Originals for OCR

When you look at printed text, your eyes perceive a picture: a pattern of black and white areas over the page. Your brain then identifies these patterns as characters and symbols that have a meaning. It is a good analogy to a scanner and computer with OCR software (OCR stands for Optical Character Recognition). Scanners act like human eyes providing the picture of a printed page, while the computer acts like the human brain, interpreting the picture. Editing this picture with any kind of word processor cannot be done because the scanned picture is an image, and not recognized as text. A computer running OCR software then identifies the characters and symbols from the picture, and sends the recognized text to a word processor.

In terms of quality, the requirements for OCR originals are the same as for other scannable items.

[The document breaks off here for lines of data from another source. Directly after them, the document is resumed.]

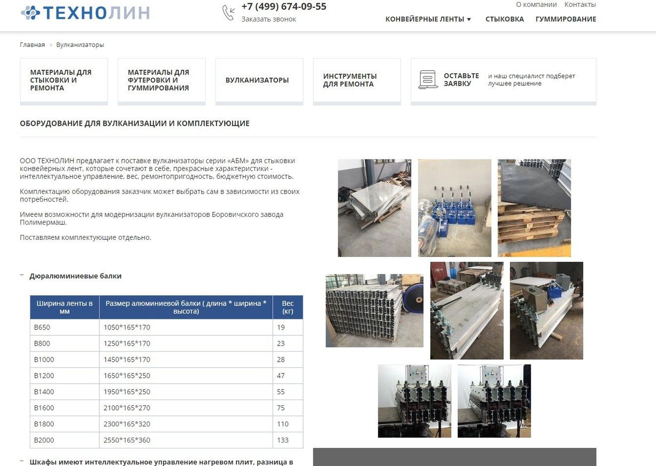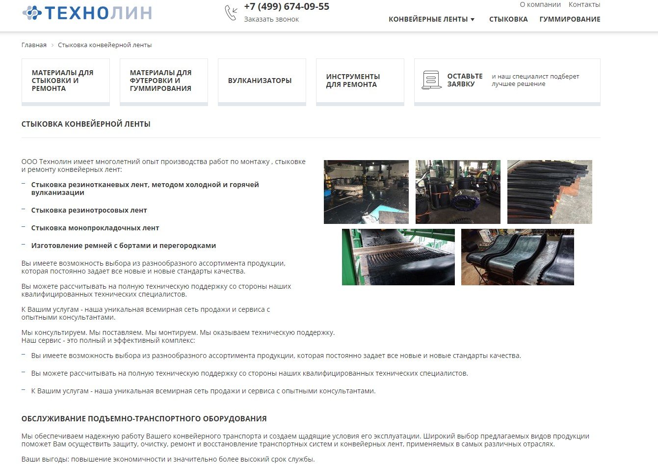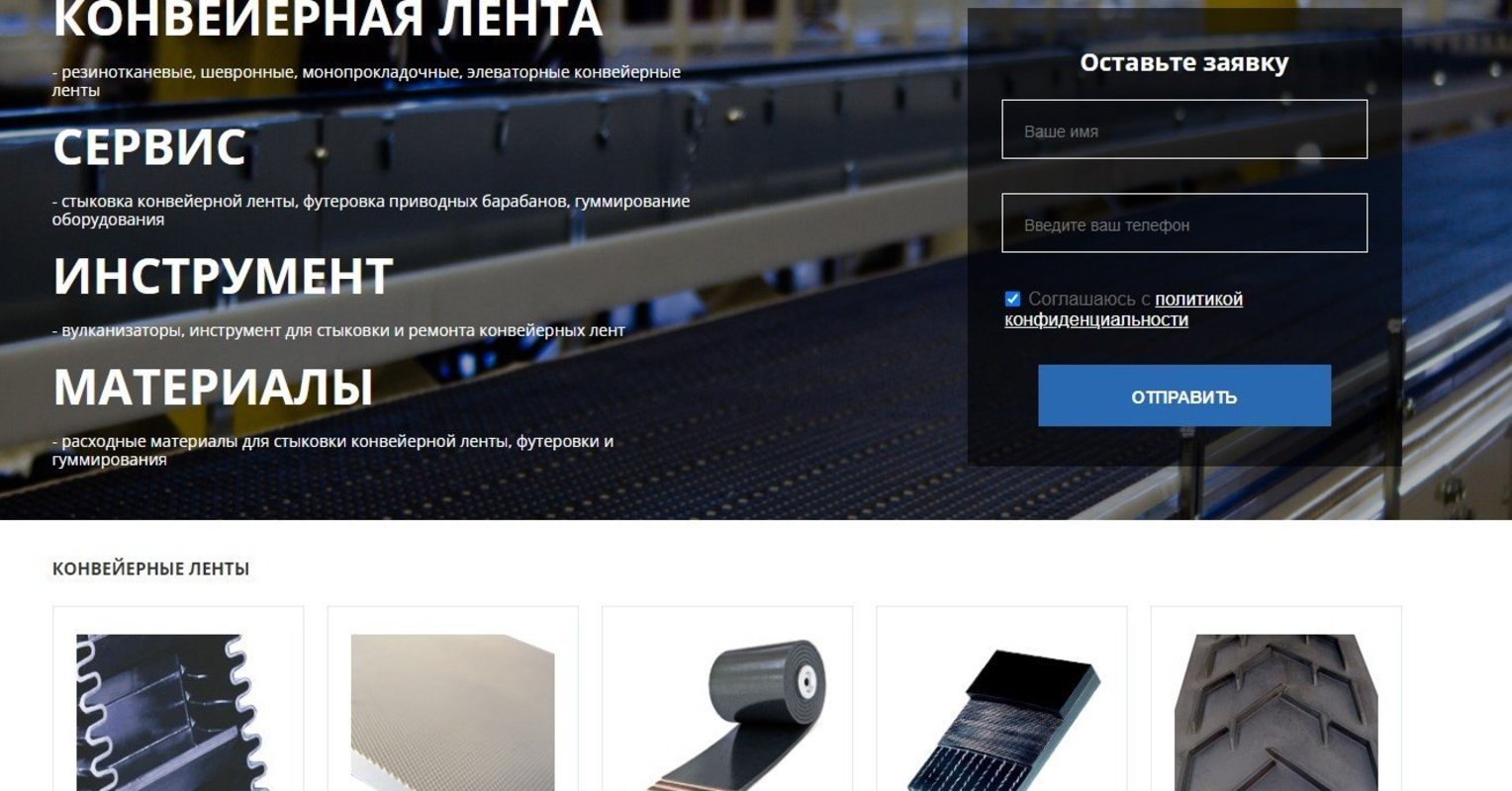 Были созданы и наполнены информационные блоки: Новости; Доставка; Контакты; Материалы акций и документов; Обрезинивание валов, роликов, колес; Гуммирование; Футеровка и гуммирование; Конвейерные ленты; Модернизация оборудования; Обучение; Контакты; Спецпредложение; Стыковка конвейерной ленты; Услуги супервайзера; Вулканизаторы; Поиск.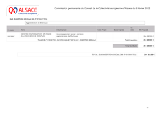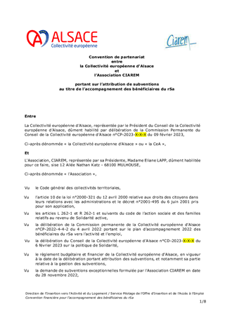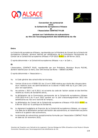 L’accompagnement des bénéficiaires du revenu de solidarité active est un axe fondamental de la politique d’insertion et d’accès à l’emploi de la Collectivité européenne d’Alsace. Aussi, afin de pouvoir préserver la capacité d’action de deux associations particulièrement essentielles en la matière sur le territoire haut-rhinois, il est proposé de leur attribuer, en début d’année, des subventions de fonctionnement de démarrage pour l’année 2023 à hauteur de 40 % des aides accordées en 2022, pour un montant total de 744 657 €, de valider les conventions afférentes et d’en autoriser leur signature par le Président de la Collectivité européenne d’Alsace.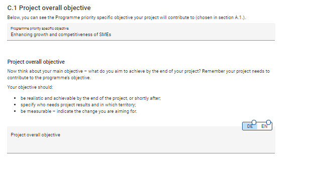In section C1, the Programme priority specific objective chosen in Section A1 is shown and the applicant is requested to describe the Project overall objective.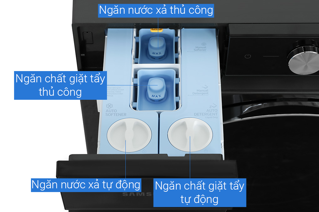 - Cảm biến AI Dispenser: Có khả năng tự động phân bổ lượng nước giặt/xả chính xác theo khối lượng quần áo, cho hiệu quả giặt sạch tối ưu. Người dùng chỉ cần đổ đầy vào ngăn AI Dispenser 1 lần và có thể sử dụng được đến 1 tháng (tùy theo tần suất sử dụng).

Just a few additional which will improve the quality of recognition:

  • Text on the originals should not be rotated: lines should go strictly horizontal, parallel to the top edge of the paper. If this requirement is not fulfilled we will have to straighten the scanned images ourselves. This may involve additional DTP time.
  • Text on the original should not be distorted. Such problem is impossible to fix and it has an extremely strong effect on the OCR quality.
  • Textured or colored paper of the originals may cause quality problems as well as print in color fonts.
  • Avoid submitting copies of the original documents for OCR. If you do, we won't be able to fine tune the contrast during scanning. This may lead to substancial quality decrease.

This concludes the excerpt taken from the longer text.